▶ **What is being asked**
The answer must be only the lines below from the one holding "Stress-induced permanent, irreversible" down to the one holding "当前位置: 91家纺网 >", ends included, printed exactly; please omit all pictures.

Records from a data collection:
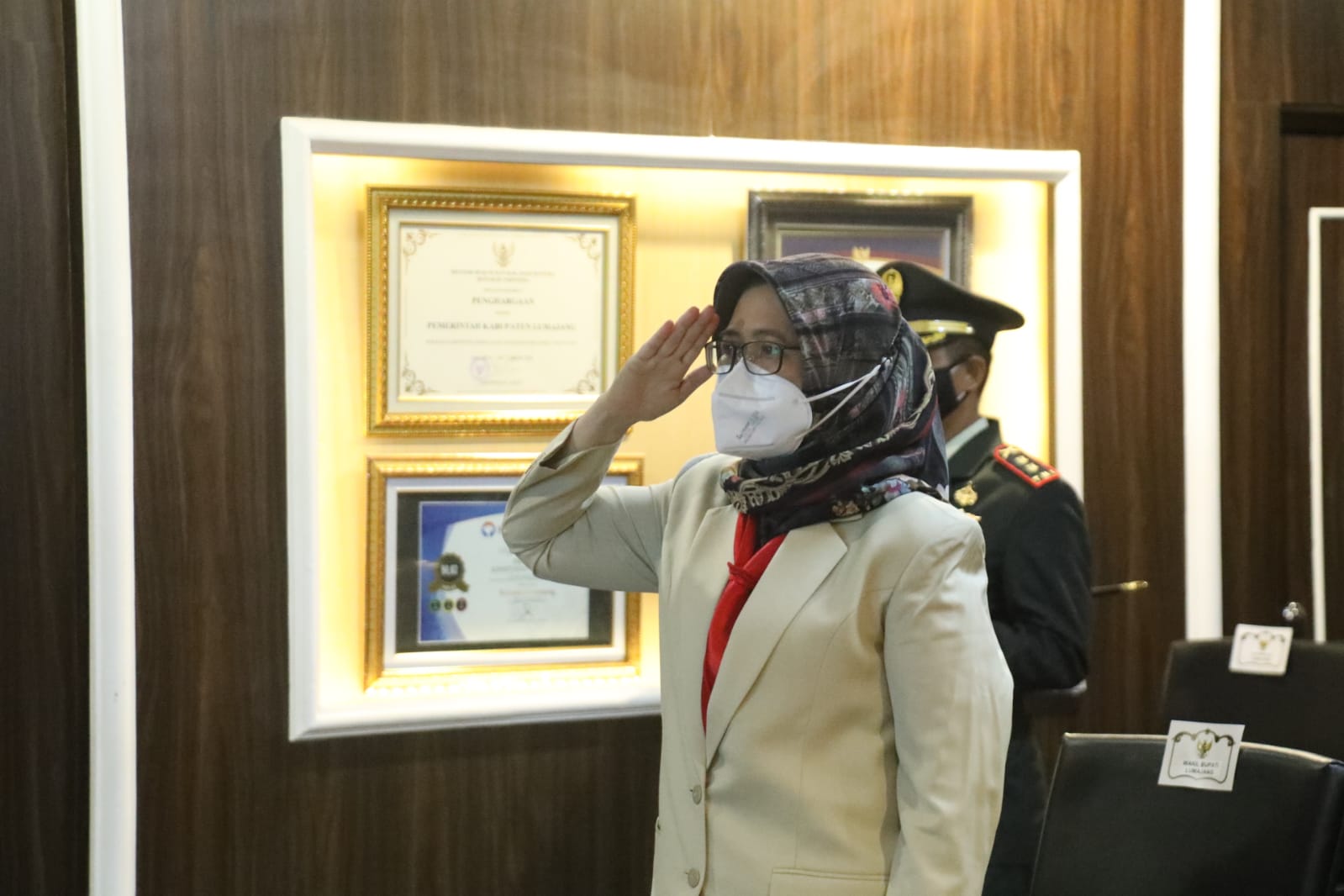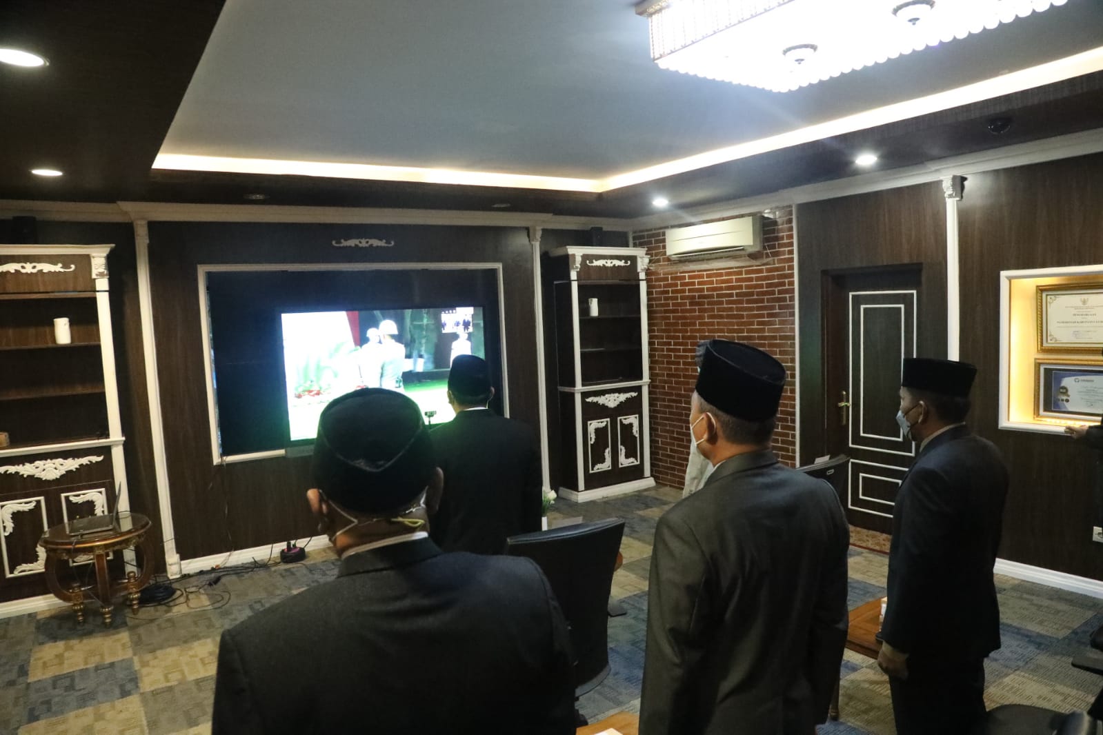Wakil Bupati Lumajang, Indah Amperawati beserta jajaran Forkompida Kabupaten Lumajang mengikuti Upacara Hari Kesaktian Pancasila Tahun 2021 yang dilaksanakan di Monumen Pancasila Sakti, Lubang Buaya, Jakarta Timur secara hybrid (kombinasi Daring dan Luring) dari Ruang Mahameru, Kantor Bupati Lumajang, Jum'at (1/10/2021).
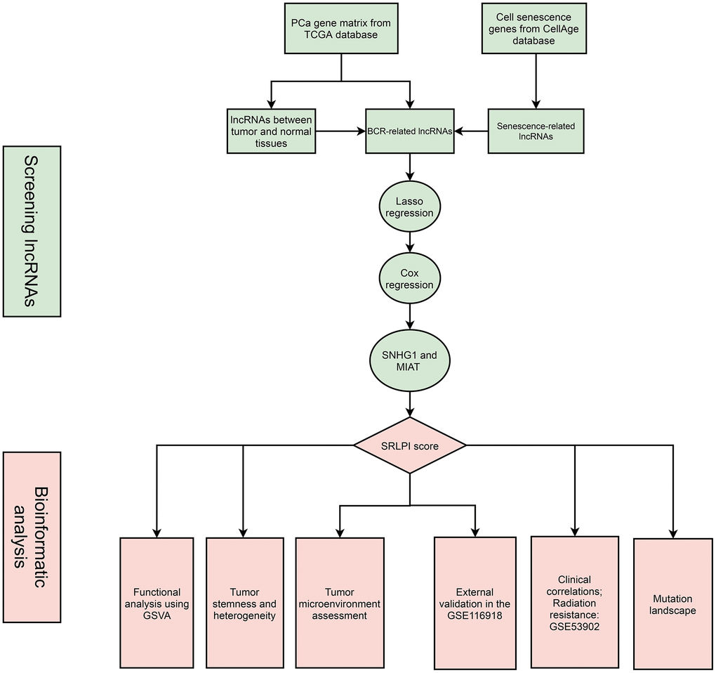Stress-induced permanent, irreversible cell cycle arrest known as cellular senescence causes a reduction in cellular processes such proliferation, migration, homing, and differentiation [8, 13–17]. Senescence brings about a number of abnormalities in the human body that have been demonstrated to hasten aging, cause carcinogenesis, and promote the spread of cancer [1]. Furthermore, aging is an established risk factor for many tumors [18, 19]. Therefore, it is crucial to investigate the intersections between aging and cancer and look for new ways to heal those intersections in order to combat malignancies that are linked to aging. Long non-coding RNAs (lncRNAs), a category of non-coding RNAs longer than 200 nucleotides, can regulate the expression of protein-coding genes and have come to light in recent years as having significant involvement in a number of biological processes related to human diseases, including PCa [20–25]. In our earlier researches, we discovered certain senescence-related biomarkers linked to PCa patients’ prognosis [8, 14, 15], but the potential effects of lncRNAs associated with senescence-related genes on this disease have not been reported. Thus, in this study, we established a senescence-related lncRNA prognostic index (SRLPI) to predict BCR risk and radiosensitivity for PCa patients.
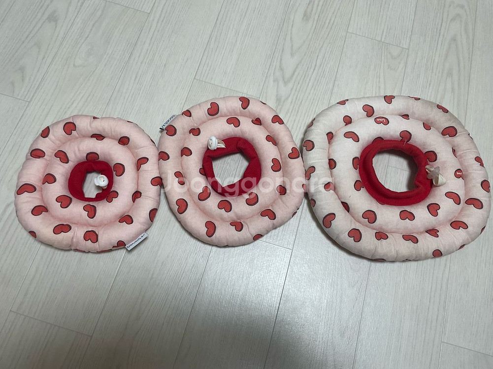 아이디어스 주문제작 상품입니다 사진상 색이 달라보이는데 세개다 색상 동일합니다! 현재 22000원정도에 판매중이며 저렴히 판매하고자 합니다 목둘레를 재시고 지름을 재주시면 됩니다 제일 늘렸을때 기준크기입니다 세번째 사진 참고하셔서 목둘레 재주세요 머리가 들어가야하니 사진처럼 재주셔야합니다 1번 5.5cm 2번 8cm 3번 10cm 입니다 옵션 추가로 사이즈 주문제작 라운드 박음 (세탁시 솜뭉침없음) 했습니다 개당 금액입니다 어린 강아지 고양이가 쓰길 바랍니다
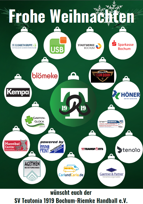 im Namen des Vorstands des SV Teutonia Riemke wünschen wir euch frohe und festliche Feiertage. Wir hoffen, dass ihr eine besinnliche Weihnachtszeit im Kreise eurer Lieben verbringt und die wohlverdiente Erholung genießen könnt.
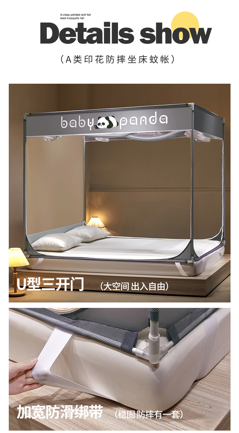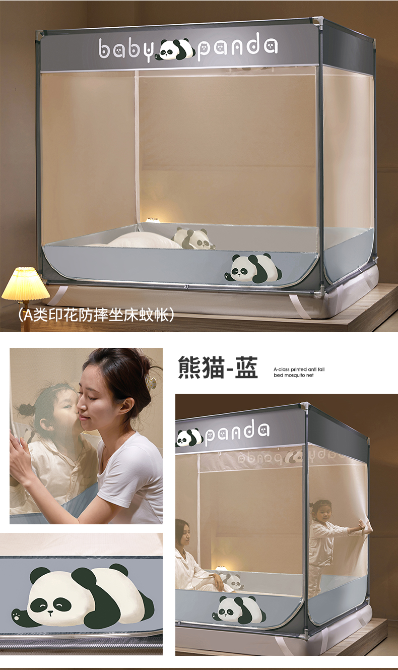 当前位置: 91家纺网 > 商品网购 > 床上用品 > 蚊帐 > 坐床式蚊帐 > 伊而梦蚊帐 2024新款熊猫印花U形三开门坐床蚊帐 熊猫-蓝
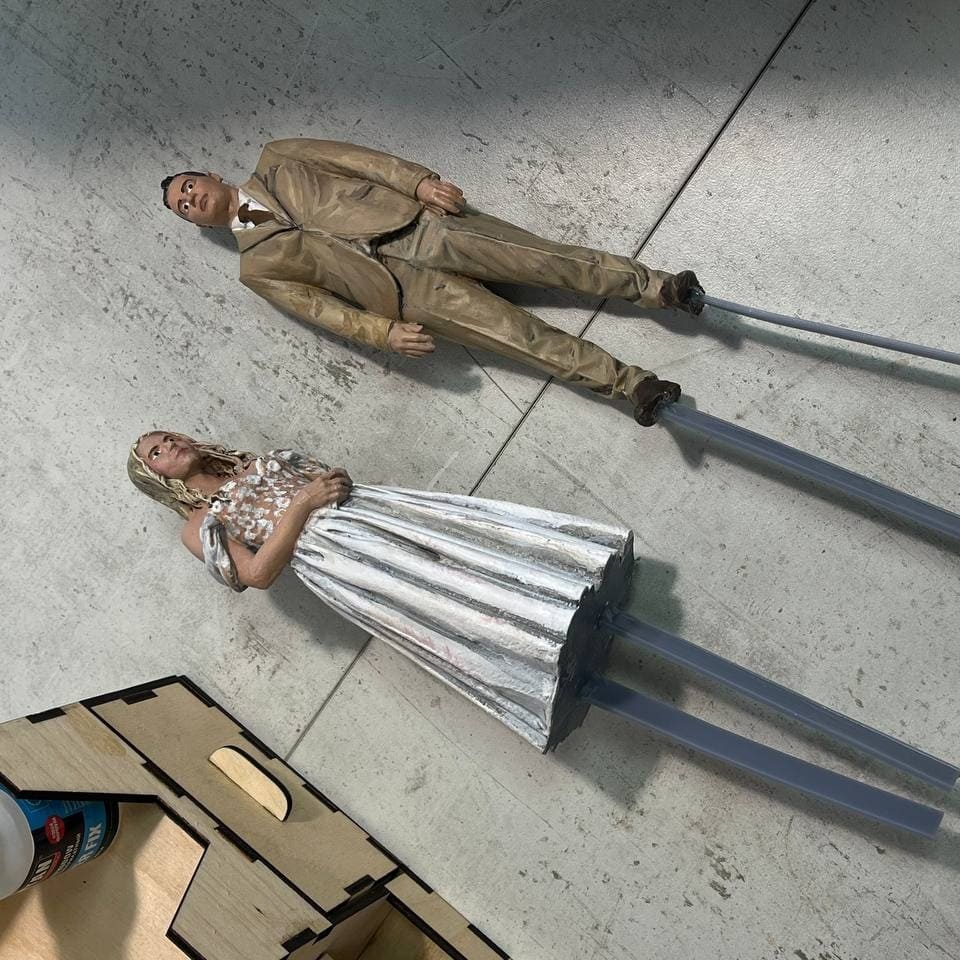 Проект был выполнен с использованием фотополимерного 3D-принтера Elegoo Saturn 4 Ultra. В качестве исходных данных использовалось 3D-сканирование жениха и невесты с последующей цифровой обработкой модели. Для печати применялась серая инженерная смола с высотой слоя 0.05 мм. Среднее время производства одной фигурки составило всего 4–5 часов. После печати изделия были промыты в изопропиловом спирте, прошли УФ-досветку, зачистку и подготовку под покраску. Финальным этапом стала ручная художественная роспись акриловыми красками, которая придала миниатюрам завершённый и реалистичный вид.

▶ **Solution**
Stress-induced permanent, irreversible cell cycle arrest known as cellular senescence causes a reduction in cellular processes such proliferation, migration, homing, and differentiation [8, 13–17]. Senescence brings about a number of abnormalities in the human body that have been demonstrated to hasten aging, cause carcinogenesis, and promote the spread of cancer [1]. Furthermore, aging is an established risk factor for many tumors [18, 19]. Therefore, it is crucial to investigate the intersections between aging and cancer and look for new ways to heal those intersections in order to combat malignancies that are linked to aging. Long non-coding RNAs (lncRNAs), a category of non-coding RNAs longer than 200 nucleotides, can regulate the expression of protein-coding genes and have come to light in recent years as having significant involvement in a number of biological processes related to human diseases, including PCa [20–25]. In our earlier researches, we discovered certain senescence-related biomarkers linked to PCa patients’ prognosis [8, 14, 15], but the potential effects of lncRNAs associated with senescence-related genes on this disease have not been reported. Thus, in this study, we established a senescence-related lncRNA prognostic index (SRLPI) to predict BCR risk and radiosensitivity for PCa patients.
 아이디어스 주문제작 상품입니다 사진상 색이 달라보이는데 세개다 색상 동일합니다! 현재 22000원정도에 판매중이며 저렴히 판매하고자 합니다 목둘레를 재시고 지름을 재주시면 됩니다 제일 늘렸을때 기준크기입니다 세번째 사진 참고하셔서 목둘레 재주세요 머리가 들어가야하니 사진처럼 재주셔야합니다 1번 5.5cm 2번 8cm 3번 10cm 입니다 옵션 추가로 사이즈 주문제작 라운드 박음 (세탁시 솜뭉침없음) 했습니다 개당 금액입니다 어린 강아지 고양이가 쓰길 바랍니다
 im Namen des Vorstands des SV Teutonia Riemke wünschen wir euch frohe und festliche Feiertage. Wir hoffen, dass ihr eine besinnliche Weihnachtszeit im Kreise eurer Lieben verbringt und die wohlverdiente Erholung genießen könnt.
 当前位置: 91家纺网 > 商品网购 > 床上用品 > 蚊帐 > 坐床式蚊帐 > 伊而梦蚊帐 2024新款熊猫印花U形三开门坐床蚊帐 熊猫-蓝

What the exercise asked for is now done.